* [Task prompt]:
Each record, word for word and stripped of pictures, is what the answer should contain.
——————
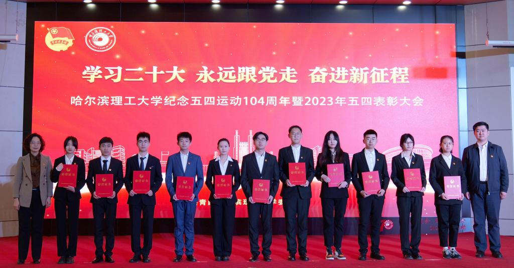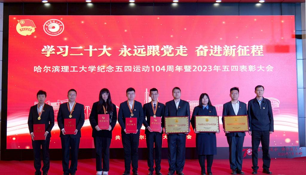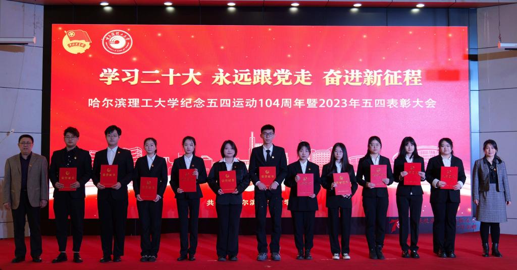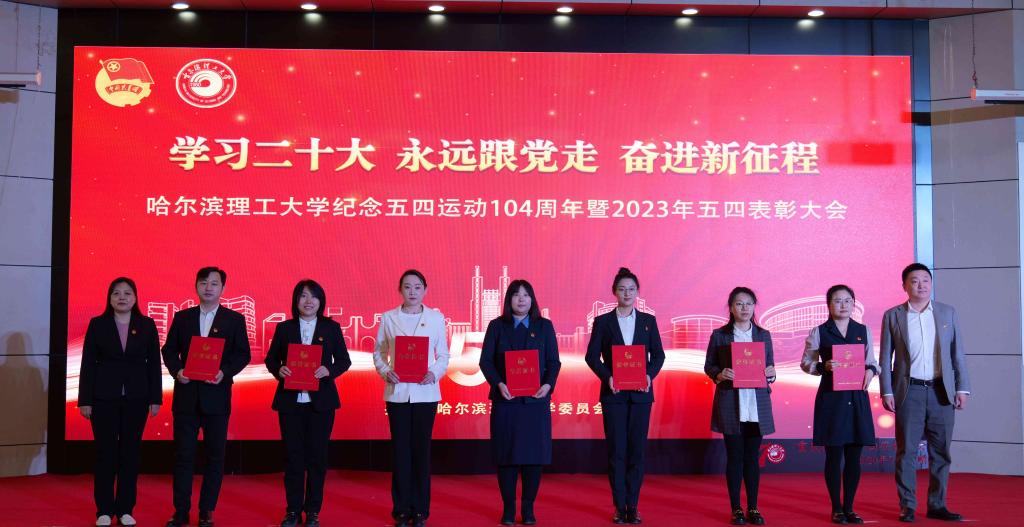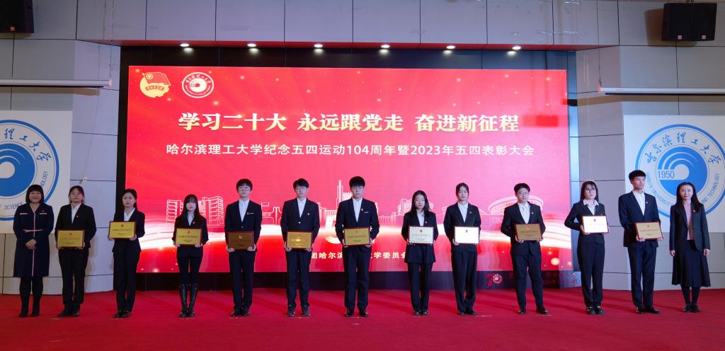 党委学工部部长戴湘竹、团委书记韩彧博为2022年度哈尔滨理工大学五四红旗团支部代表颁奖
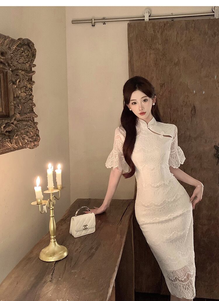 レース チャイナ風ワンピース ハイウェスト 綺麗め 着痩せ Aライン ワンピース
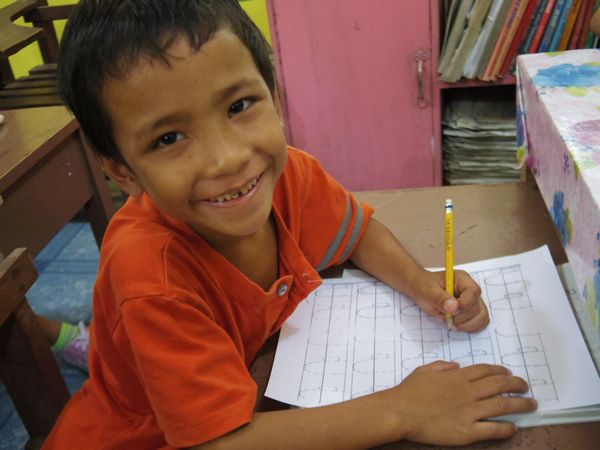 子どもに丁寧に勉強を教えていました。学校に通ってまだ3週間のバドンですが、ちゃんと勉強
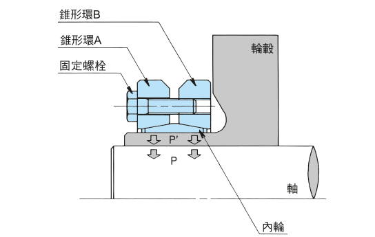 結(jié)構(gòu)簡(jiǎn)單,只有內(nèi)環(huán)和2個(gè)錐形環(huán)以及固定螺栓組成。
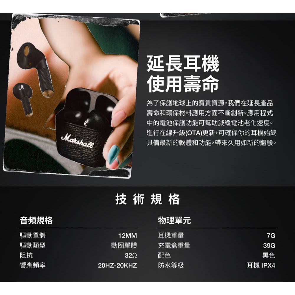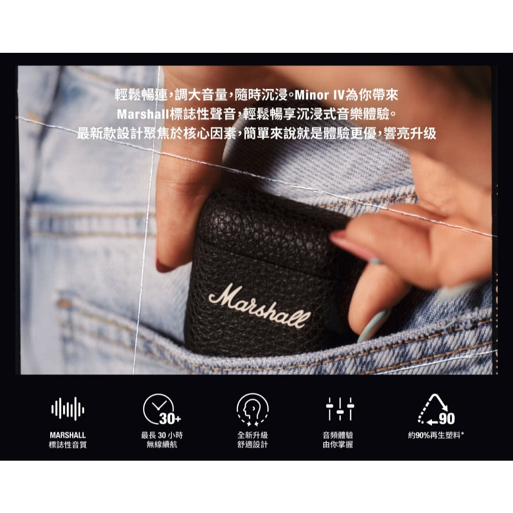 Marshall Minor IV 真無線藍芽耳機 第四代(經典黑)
——————
* [Task output]:
 党委学工部部长戴湘竹、团委书记韩彧博为2022年度哈尔滨理工大学五四红旗团支部代表颁奖
 レース チャイナ風ワンピース ハイウェスト 綺麗め 着痩せ Aライン ワンピース
 子どもに丁寧に勉強を教えていました。学校に通ってまだ3週間のバドンですが、ちゃんと勉強
 結(jié)構(gòu)簡(jiǎn)單,只有內(nèi)環(huán)和2個(gè)錐形環(huán)以及固定螺栓組成。
 Marshall Minor IV 真無線藍芽耳機 第四代(經典黑)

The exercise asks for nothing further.